Science published a different study, which was also published in January 2022According to researchers, natural immunity may last for as much as eight months. A CDC study published in September 2021 showed that roughly one-third of participants with Covid developed no apparent natural immunity.

Brewer said that there are no good data on the length of natural infection-associated antibodies.

A study found that people who have not been vaccinated are more likely to contract the disease again than those who were vaccinated following Covid. study publishedThe National Library of Medicine August 2013. Brewer points out that those who are cured from an omicron infected have a greater protection against BA.2 than those who are vaccinated for other Covid variants or who last got vaccinated over four to six month ago.

“However, [a]”Vaccination or an infection prior to the event still provides protection against severe disease and death,” he said.

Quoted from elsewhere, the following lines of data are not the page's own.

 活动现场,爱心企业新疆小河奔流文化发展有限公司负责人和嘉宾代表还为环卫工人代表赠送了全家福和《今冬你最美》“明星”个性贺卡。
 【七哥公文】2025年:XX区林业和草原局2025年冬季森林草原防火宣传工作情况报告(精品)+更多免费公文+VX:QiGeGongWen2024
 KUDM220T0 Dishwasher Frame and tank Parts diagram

All antibodies may not be ‘Covid-fighting’ antibodies

Dr. Salman KhanLenox Hill Hospital infectious disease specialist, New York City. He says most Americans are immune to Covid. He says that not all antibodies are “Covid-fighting” or neutralizing.

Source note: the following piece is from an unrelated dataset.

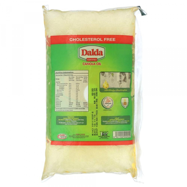 Dalda Cooking Oil Pouch offers pure, light, and healthy cooking oil made from high-quality ingredients. Known for its neutral taste and superior frying performance, it preserves the natural flavor of food while keeping it light and crisp. Enriched with essential vitamins A and D, Dalda Cooking Oil supports a balanced and nutritious diet for the whole family. Perfect for everyday cooking, frying, and baking needs.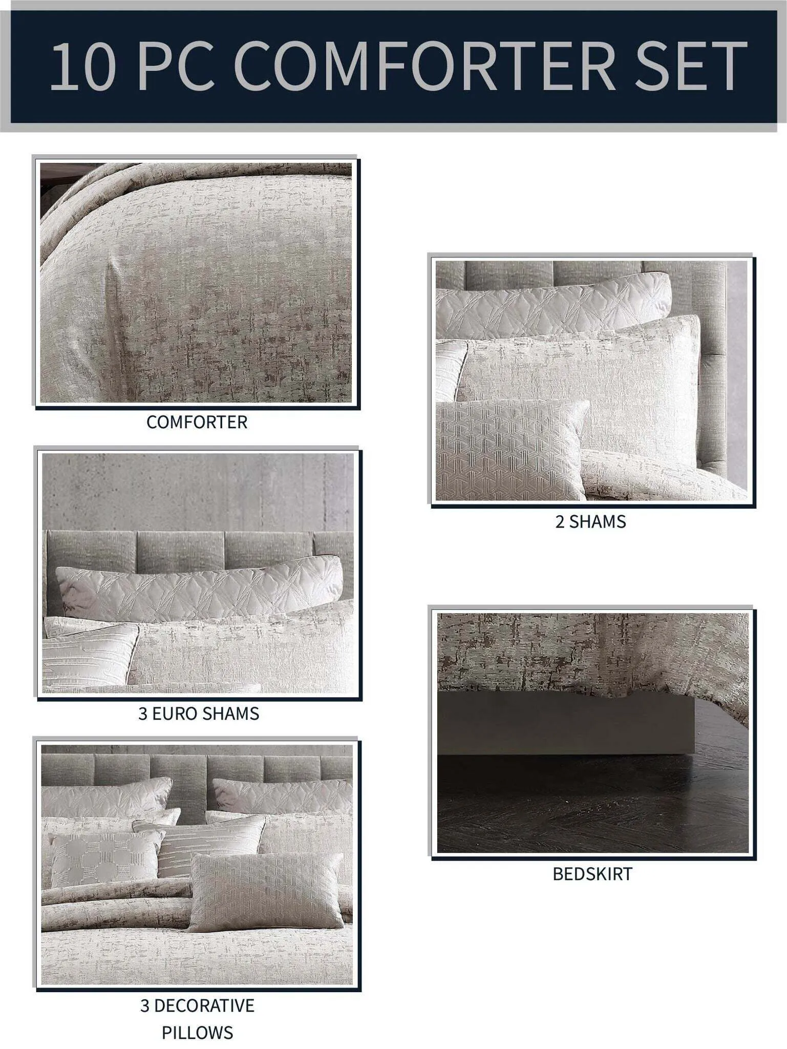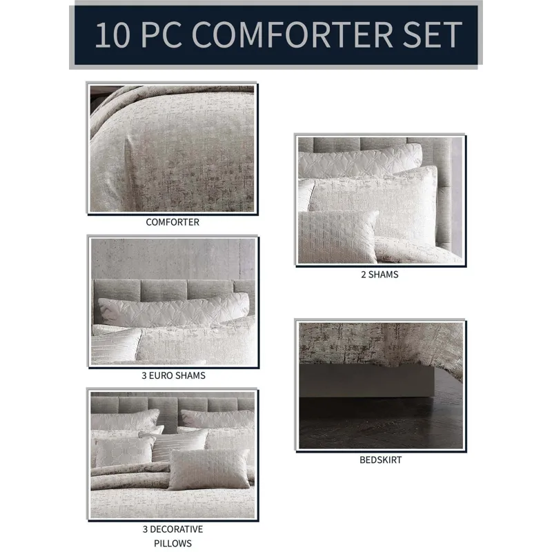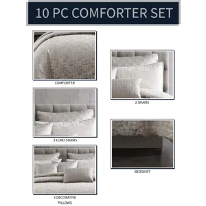 - 1 King Comforter (110-in W X 96-in L), 2 King Shams (20-in W X 36- in L), 1 Square Pillow (18-in W X 18-in L), 1 Rectangle Pillow (13-in W X 22-in L)

Khan says that “non neutralizing antibodies” can sometimes be produced when a pathogen is present. He says that these antibodies don’t bind enough to the exact site of the pathogen to prevent it from causing infection. SARS CoV-2 could be caused by mutations to spike protein.

Hannah Newman (director of infection prevention at Lenox Hill Hospital) says that non-neutralizing antibodies function almost like a GPS. They still attach themselves to the virus, but instead of working to stop the pathogen from spreading — like neutralizing antibodies do — they “serve as a locator, indicating to other parts of the immune system that there is a problem,” Newman says.

In other words, both types of antibodies are helpful to a degree — but testing positive for Covid antibodies is no guarantee that your body will be able to fight off a future Covid infection.

We don’t know what the future will bring.

There is one lesson we can learn from the Covid pandemic: nobody can forecast the future. John P. Moore, a professor of microbiology and immunology at Cornell University’s Weill Cornell Medicine.

Moore says that people believe the pandemic has ended, so they relax and are less careful. Moore says that in real life, we don’t know what the future holds.

Johns Hopkins University data shows that the average daily number of U.S. new cases per day was 30662 as of Monday. Moore said that while this number is low, it was still a significant pandemic indicator. However, Moore believes that the trend could be “real” or merely a temporary blip.

Moore says that it is important to keep in mind that the CDC antibody statistic for antibodies is only an estimate. Moore says that it’s 95% blood donors. He also points out that this study doesn’t cover anyone younger than 16. “The question here is how representative of the general populace are blood donors?”

Moore states that he isn’t suggesting everyone should go into their basements and never come out. Moore suggests that each individual should assess their risk perception and decide whether or not to take Covid-related actions based upon their personal lives and circumstances.